February 2009 - RBS reports a loss of 24.1 billion pounds for 2008, the biggest in British corporate history.

November 2009 - Britain announces it will inject another 25 billion pounds to prop up both RBS and Lloyds, taking the taxpayers' stake in RBS to over 80 percent.

December 2010 - Goodwin and other RBS executives during the financial crisis escape punishment by the Financial Services Authority despite what the regulator describes as a "series of bad decisions" in 2007 and 2008.

December 2011 - The FSA publishes its report, begun in 2009, into RBS's near failure. The report blames RBS's "poor management decisions" and flaws within the FSA itself. It also recommends tougher rules to ensure that in future banking executives can face "personal consequences" if a bank fails.

August 2012 - A joint New York-Connecticut investigation of Libor sends subpoenas to Royal Bank of Scotland, and several other banks.
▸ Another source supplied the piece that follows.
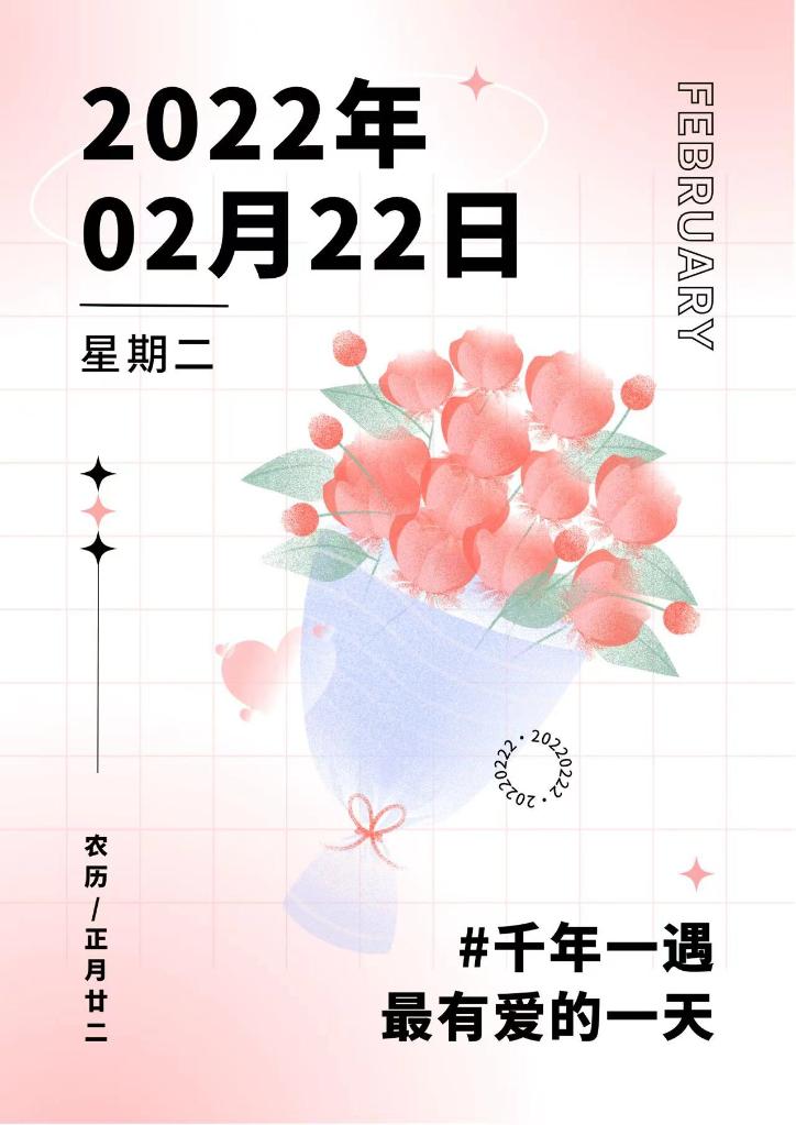 2022年2月22日,星期二,在中国农历里恰好也是正月的第22天。

The subpoenas seek communication between executives related to possible collusion that may have played a role in alleged manipulation of the Libor rate.

September 2012 - RBS increases its target for job cuts at its investment banking business to 3,800 by the end of 2013. Hester has already axed 34,000 jobs since arriving at RBS.

January 2013 - RBS prepares to slash bonuses and may consider sacking executives over the bank's role in fixing the Libor rate.